I then sent it to hibernation again, went home and woke it up while connected to my home network, sent it to hibernation again, went to sleep, woke it up again today while connected to the company network, tried again, and now the problem magically disappeared. So unfortunately I can't diagnose any further now, but suggestions for the future when it will inevitably show up again are still appreciated.
Edit 2:
A friend suggested to look at the output of route print
:
[...]
IPv4-Routentabelle
===========================================================================
Aktive Routen:
Netzwerkziel Netzwerkmaske Gateway Schnittstelle Metrik
10.0.0.0 255.255.255.0 Auf Verbindung 10.0.0.55 281
10.0.0.30 255.255.255.255 10.0.0.35 10.0.0.55 26
10.0.0.55 255.255.255.255 Auf Verbindung 10.0.0.55 281
10.0.0.255 255.255.255.255 Auf Verbindung 10.0.0.55 281
127.0.0.0 255.0.0.0 Auf Verbindung 127.0.0.1 331
127.0.0.1 255.255.255.255 Auf Verbindung 127.0.0.1 331
127.255.255.255 255.255.255.255 Auf Verbindung 127.0.0.1 331
192.168.56.0 255.255.255.0 Auf Verbindung 192.168.56.1 281
192.168.56.1 255.255.255.255 Auf Verbindung 192.168.56.1 281
192.168.56.255 255.255.255.255 Auf Verbindung 192.168.56.1 281
224.0.0.0 240.0.0.0 Auf Verbindung 127.0.0.1 331
224.0.0.0 240.0.0.0 Auf Verbindung 192.168.56.1 281
224.0.0.0 240.0.0.0 Auf Verbindung 10.0.0.55 281
255.255.255.255 255.255.255.255 Auf Verbindung 127.0.0.1 331
255.255.255.255 255.255.255.255 Auf Verbindung 192.168.56.1 281
255.255.255.255 255.255.255.255 Auf Verbindung 10.0.0.55 281
===========================================================================
Ständige Routen:
Netzwerkadresse Netzmaske Gatewayadresse Metrik
10.0.0.30 255.255.255.255 10.0.0.35 1
===========================================================================
[...]
10.0.0.35 (embedded device 2) somehow got specified as a gateway to reach 10.0.0.30 (embedded device 1).
It happened to work as explained in Edit 1 because embedded device 2 was turned off and/or got assigned a different IP address by DHCP. The first ping to 10.0.0.30 timed out (because it couldn't reach 10.0.0.35), after which Windows does something differently that does reach 10.0.0.30 directly.
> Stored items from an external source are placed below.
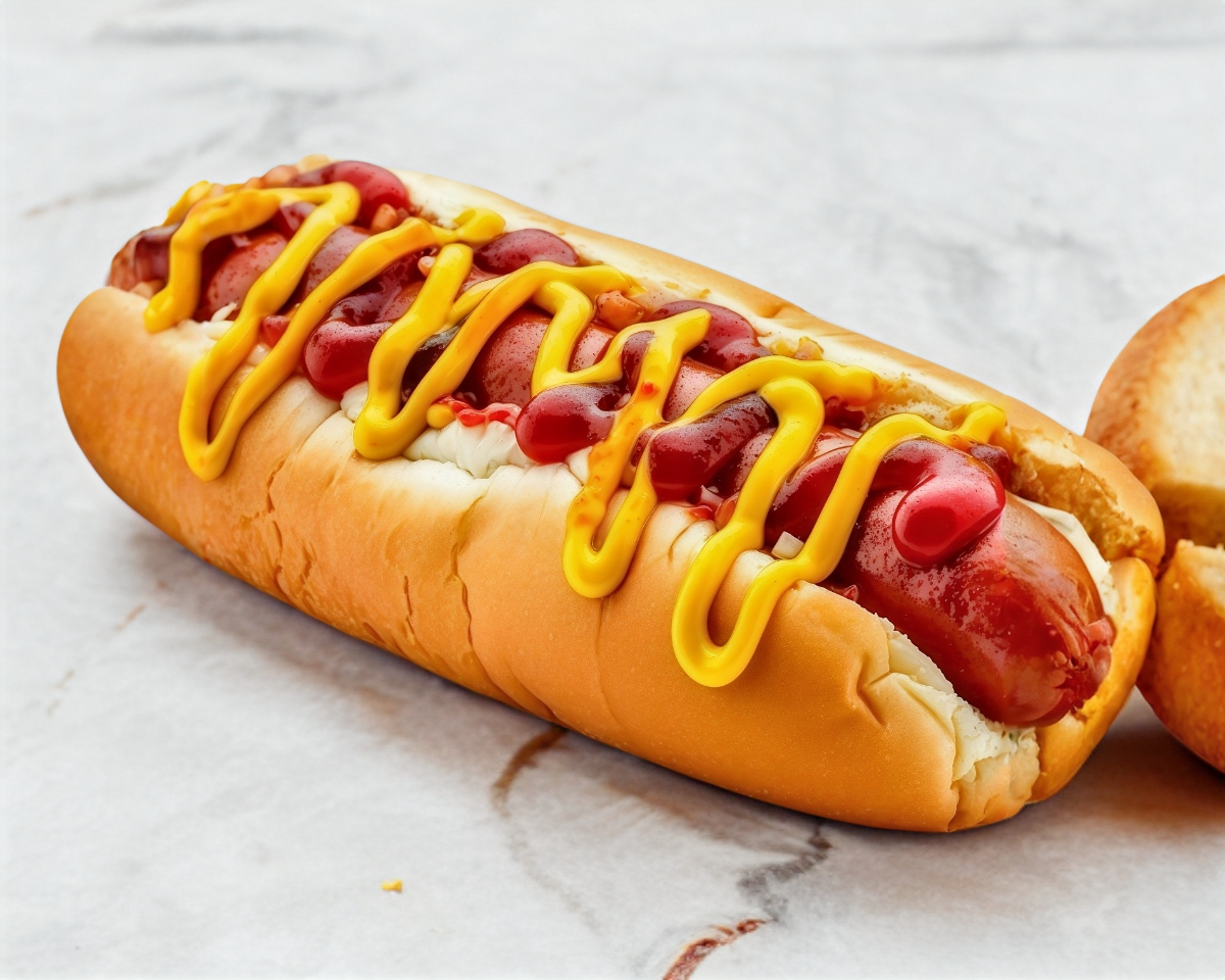 Salchicha de pavo especial, tocino, jitomate, cebolla, mayonesa, mostaza y cátsup.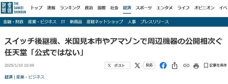 1月10日,任天堂通過日本媒體《產經新聞》做出回應,表示“CES展會上一切相關圖像與模型非任天堂官方出品”。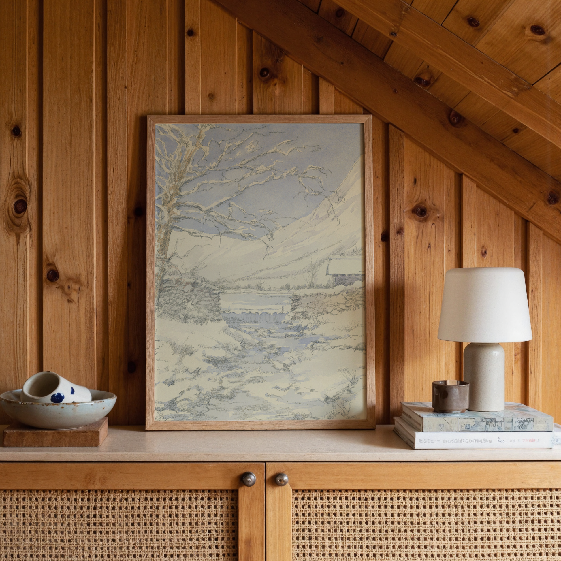 A snowy stillness falls over the high valley, soft wintery palette and gentle lines bring a sense of calm and peace, offering a visual pause for the everyday pace of life.
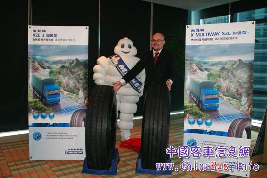 米其林(中國)投資有限公司卡客車輪胎部市場總監(jiān) 法蘭克葉先生與米其林輪胎先生共同為新產(chǎn)品揭幕

I did not notice that before. Now that I gave embedded device 2 10.0.0.35 again, I can't ping 10.0.0.30 again, as expected.
Note that the spurious route is not specific to the interface. It shows up both on the laptop's integrated ethernet port, and on a USB-to-Ethernet-adapter.
So the question now is: How did 10.0.0.35 manage to become a gateway?